By now, several guests had noticed the open elevator. They crowded around as fire consumed the lobby. Sofia held her arm across the doorway and announced, in her most official tone, “Hold on. In just a moment, we’ll be ready to get you out.”
And to her surprise, they listened. She tossed her other shoe down to Ryan and he jammed it between the door and the track.
He jumped onto the landing of lower-level one. Nothing here was on fire, and that was good enough for him. “Okay, send them down!” he called.
Matt moved quickly through hallways lined with guest rooms. The lights in this part of the building were off, but he still had his flashlight. He shone it along the wall, looking for a fire hose or a fire extinguisher, anything he might be able to use against Nash. He saw none. Which made sense when he thought about it: if you were planning to torch your hotel, you wouldn’t stock it with fire-suppression gear. To hell with building codes.

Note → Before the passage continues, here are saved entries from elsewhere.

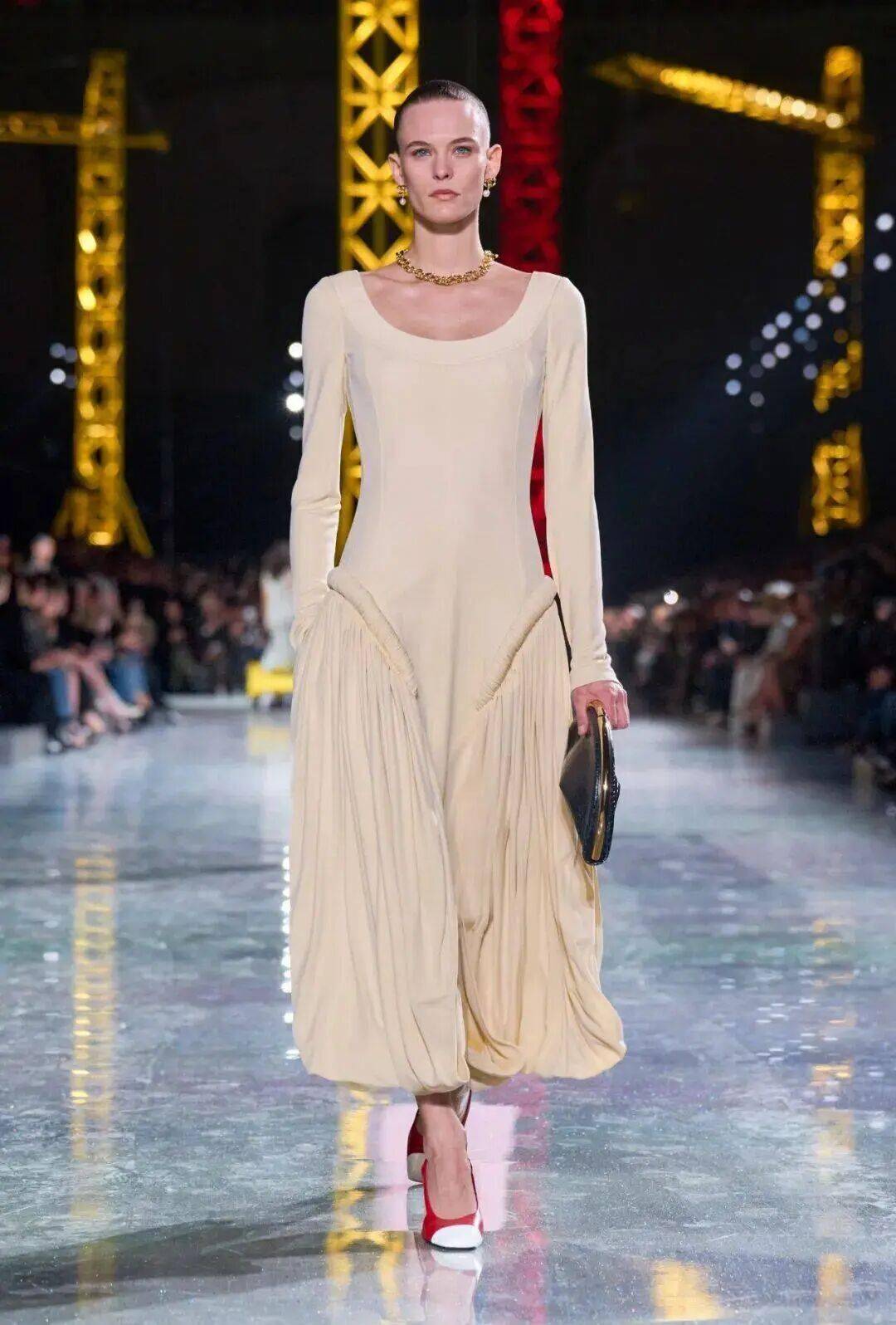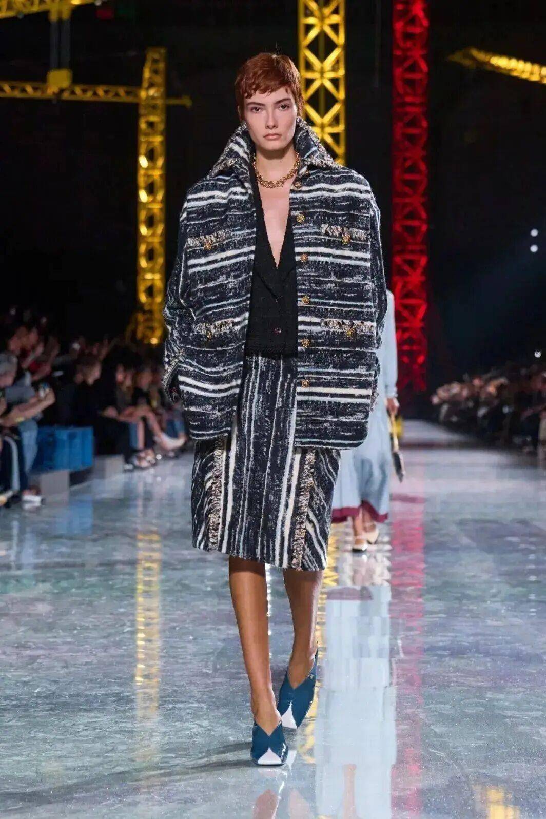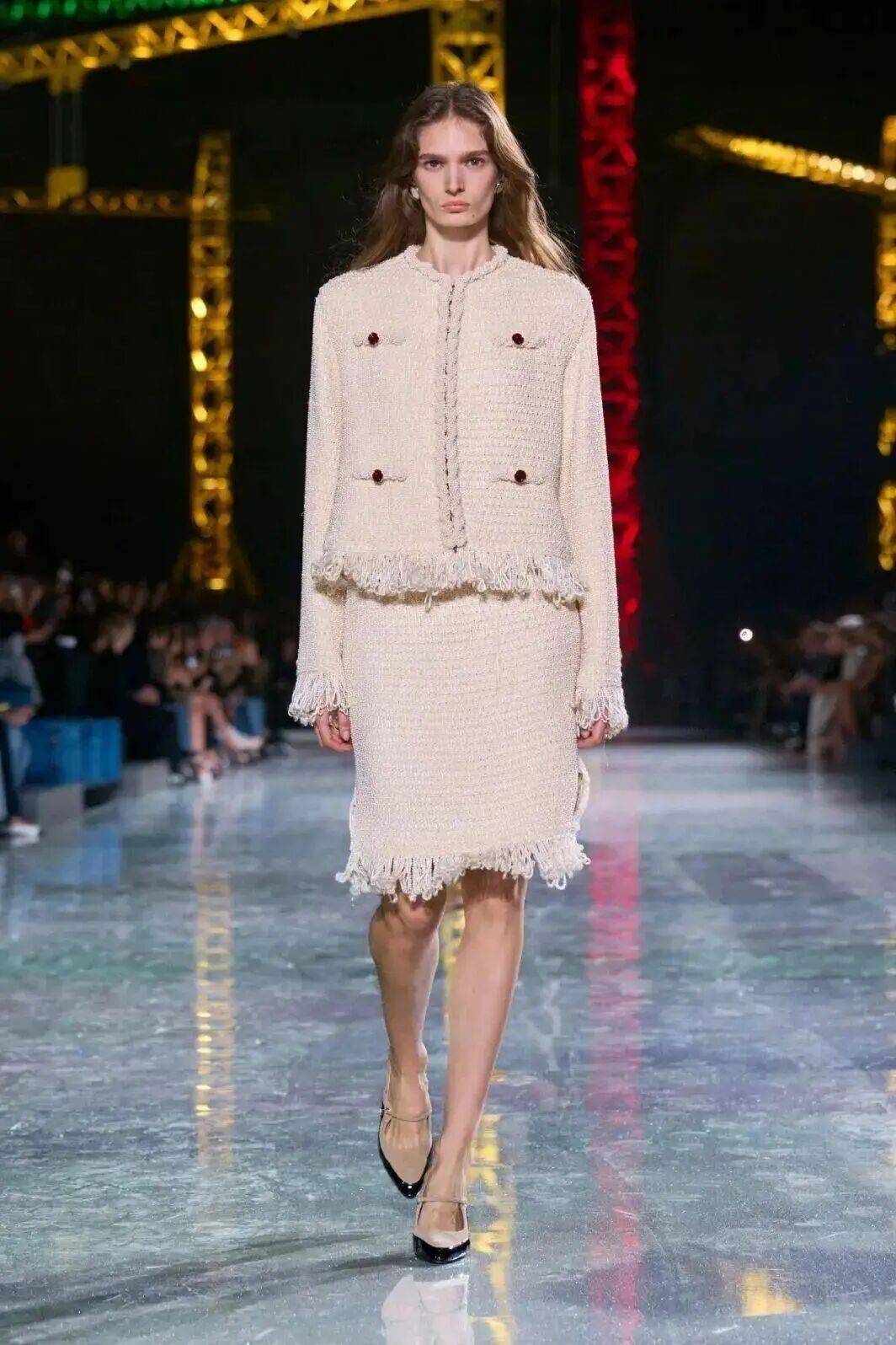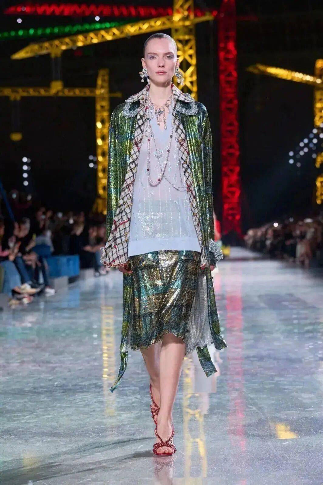 在创意总监Matthieu Blazy的引领下,香奈儿正迎来一场深刻的自我革新。在他为品牌呈现的第二场常规季成衣系列中,Blazy将巴黎大皇宫化为一座“建筑工地”——鲜亮的起重机伫立其中,象征着品牌并非一座完成的丰碑,而是一项持续“构建中的工程”。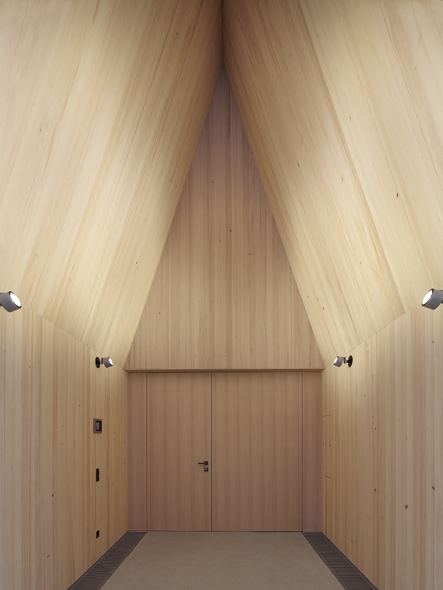 Der introvertierte Kapellenraum ist durch eine Vertäfelung aus gebürsteter Weißtanne sowie direkten und indirekten Belichtungselementen an Giebel und Seitenwänden von aufnehmender Freundlichkeit. Die besondere Dachform wirkt einerseits beschützend, andererseits befreiend. Die ohnehin ausdruckstarke Vertikalität wird durch blaue mundgeblasene Scheiben, welche die Gebäudeform nachzeichnen, verstärkt. Die Farbe Blau deuten wir als Farbe des Göttlichen, des Himmels, des Geistigen, unendlicher Weite, aber auch als Farbe für Introvertiertheit und Rückzug in sich selbst.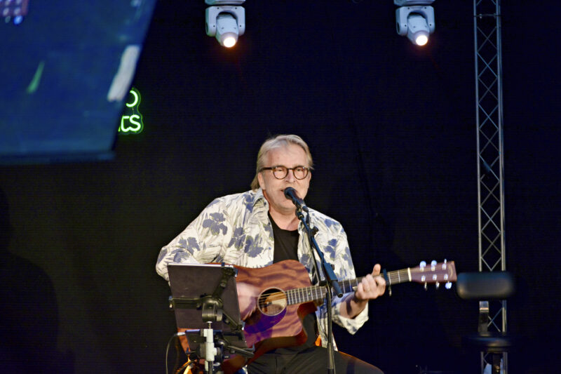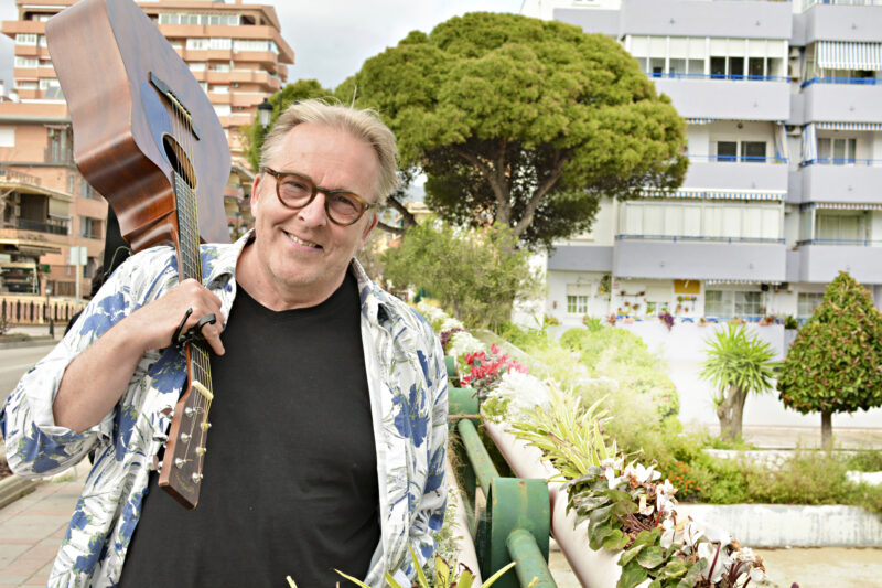 Muusikko Joel Hallikainen, 63, soittaa kitaraa ja suoltaa lyriikkaa Espanjan Fuengirolassa ravintola Kukon lavalla. Menossa on Hallikaisen tulevan keikan soundcheck, jonka avulla tarkistetaan, että musiikki ja laulu kuuluvat tasaisesti kaikkialla ravintolassa.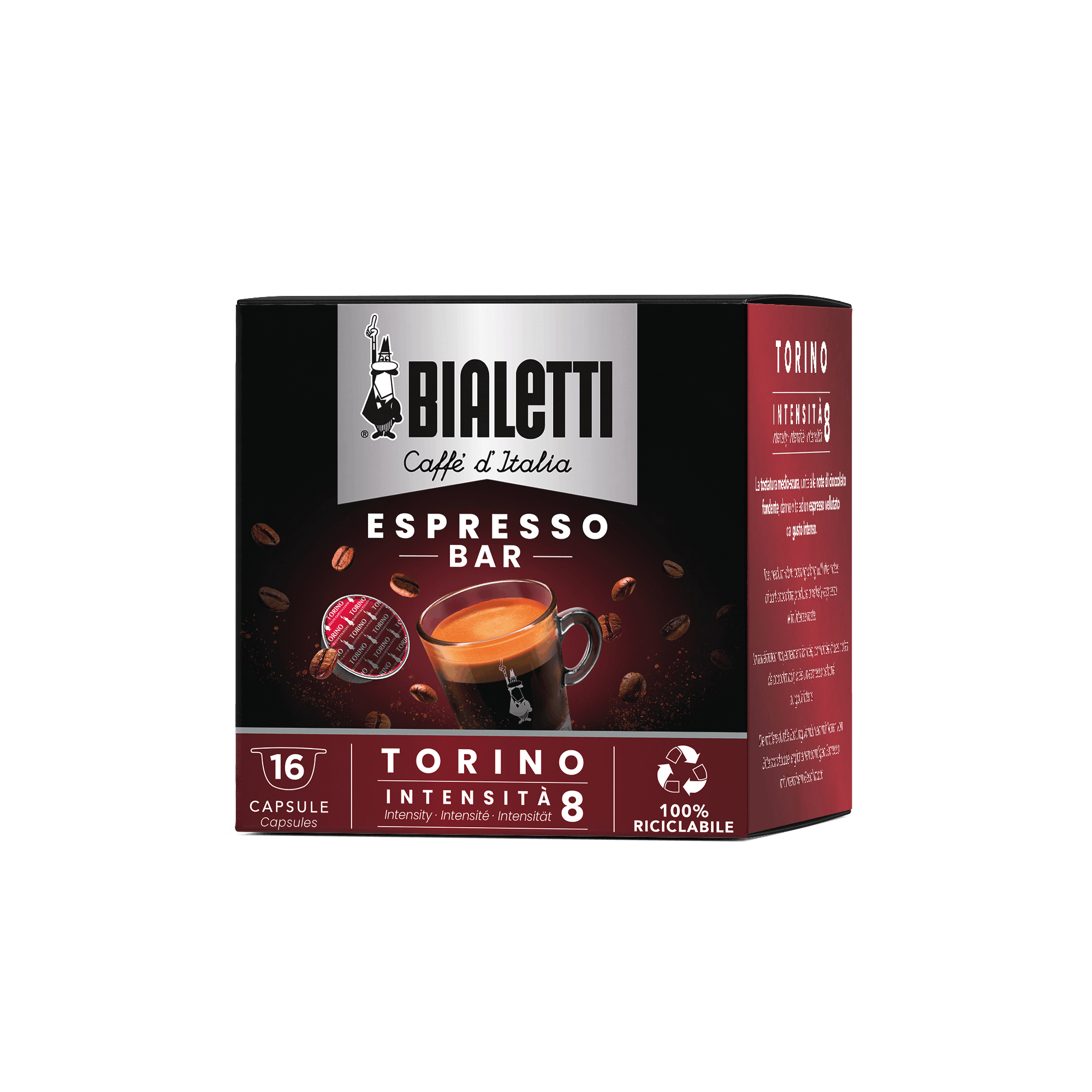 Miscela: TORINO - è un caffè espresso intenso, bilanciato dall’aroma delicato del cioccolato. Infatti Torino, città che da sempre vanta una nobile tradizione cioccolatiera trasferì tutti quei profumi e quei sentori tipici del cioccolato al suo caffè, regalando una miscela unica dal corpo vellutato.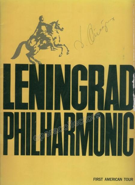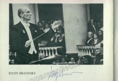 Evgeny Mravinsky signs under large photograph conducting (19 x 12 cm!), David Oistrakh signs cover Leningrad Philharmonic First American Tour in 1960. Many photographs. 23 x 31 cm, 16 pages. Mravinsky autographs are very scarce.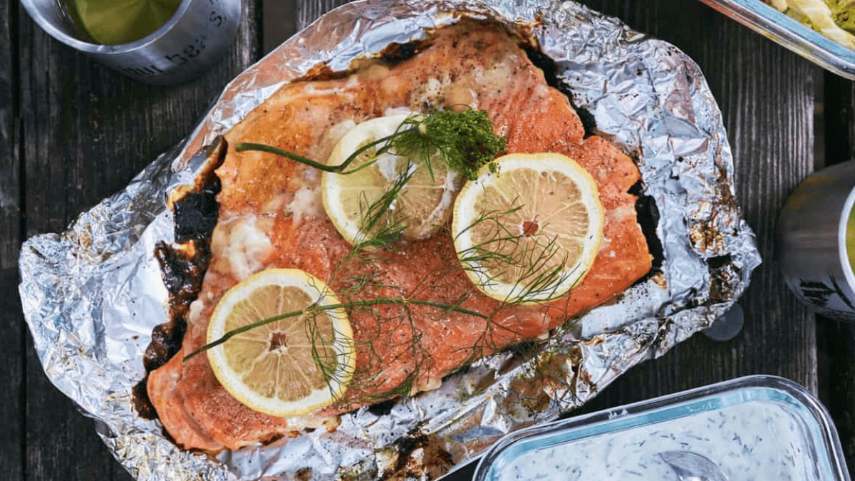Get the recipe: Campfire Salmon with Lemon-Dill Yogurt Sauce

He stopped and looked back to see if Nash was following. A guy made of fire shouldn’t be too hard to spot in a dark hallway. Unless he could change back into an ordinary-looking man. Matt waved the flashlight around, broadcasting his location. He hurt. Just about everywhere. There were patches of burned skin all over his body. His polyester-blend shirt had melted into his flesh in a few spots.
Matt shoved the pain to the back of his mind. It was there, but he would deal with it later. He had to avoid getting killed first. He saw the glow of firelight on the walls and Nash rounded the corner. The carpet burned beneath his feet. When he saw Matt, he sent a line of flame racing toward him.
Matt ran. He turned down an adjacent hallway and he kept going. Now he was looking for stairs, to lead Nash farther up, away from the lobby. He spotted an exit door. He went to it and waited a moment, letting Nash see him there before ducking into the stairwell.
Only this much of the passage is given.